突变

    周坎眸色深了深:“被山间的一位高人救了,一直待在山中修养。”

    且茶有些庆幸:“幸而你活下来了。”

    周坎笑了笑没有接话。

    不过是被人从鬼门关拖回,捡了一条命而已。

    二人很快走到院内,要进去时,周坎停住了脚步,且茶疑惑,转过身来看着他。

    “你怎么不进来?”

    周坎摇头,脸上扬起一抹笑容:“比你先回汝京。”

    且茶有一秒没有反应过来,待反应过来时,才低头嘟囔着:“幼稚。”

    “所以你方才是去找我道别的吗?”

    周坎点了点头:“在这里没有寻到你,便出去找了找。”

    “你怎么知道我在何处?”

    周坎目光落在她眼中:“不知道,但我会一直找,总会碰见的。”

    他的目光有些烫,且茶眨了眨眼,有些不自在地移开了眼神:“反正也找到了…”

    “幸好找到了。”

    周坎道:“不然连个道别也没有。”

    他这话说的有些凄凉,且茶又朝他看过去,他神色如常,且茶道:“回京后自会相见的,你若有要事,定然不能耽搁。”

    周坎道:“好。”

    二人在院门前道别,且茶注视着渐渐远去的白色身影,直到那团白与雪融为一体。

    等晏芥养好身子,她也要回京了。

    …

    又过了几日,晏芥身上的伤已经大有好转,幸而只是皮外伤,并未伤及内里,且茶告知了李长景后,便着手回京。

    当初与医者们一同前来,如今其他医者早已先行离开黎下,便不存在与他们同归了。

    朝廷派来的人姗姗来迟,待他们了解完情况后,李长景又送去信件至朝廷,继续待在黎下。

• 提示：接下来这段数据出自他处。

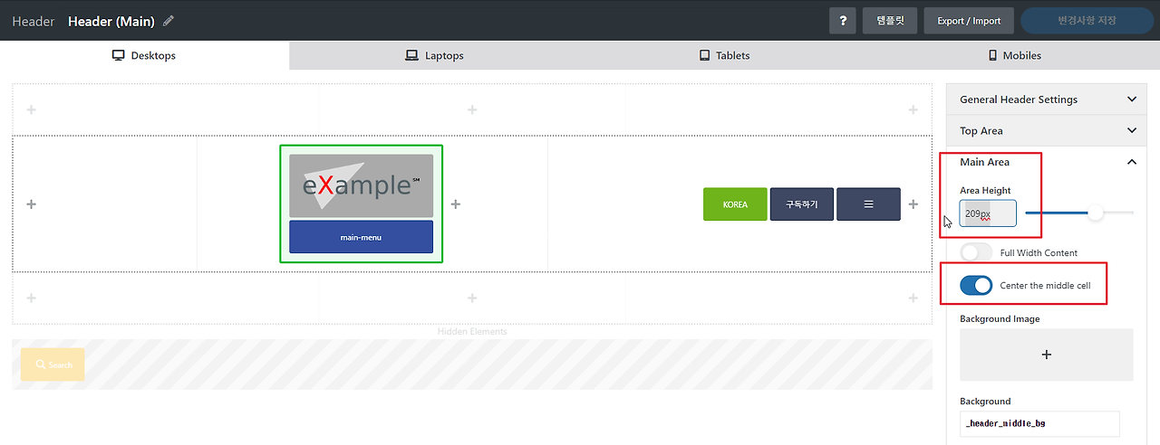 헤더 구성이 완료됐다면, 만들어진 헤더는 테마 옵션의 Layout 설정들에서 연결해 줘야 표시가 됩니다.

    黎下如今没了太守,灾后上上下下要处理的事务颇多,朝廷一时并无合适人选,李长景抽不了身,便只能暂留在此。

    汝京。

    李弘琰看着那封李长景寄来的信,信上详尽了黎下以来的状况,亦包括伏蔺之事。

    李弘琰神色并未有何变化,如同批一份寻常的奏折一般,又将那封信方至一旁。

    从吉在一旁毕恭毕敬地站着,等待着上人的吩咐。

    “黎下一事,是我没有顾虑到,原以为这些人的动作会慢些,没想到比我预测的还要早。”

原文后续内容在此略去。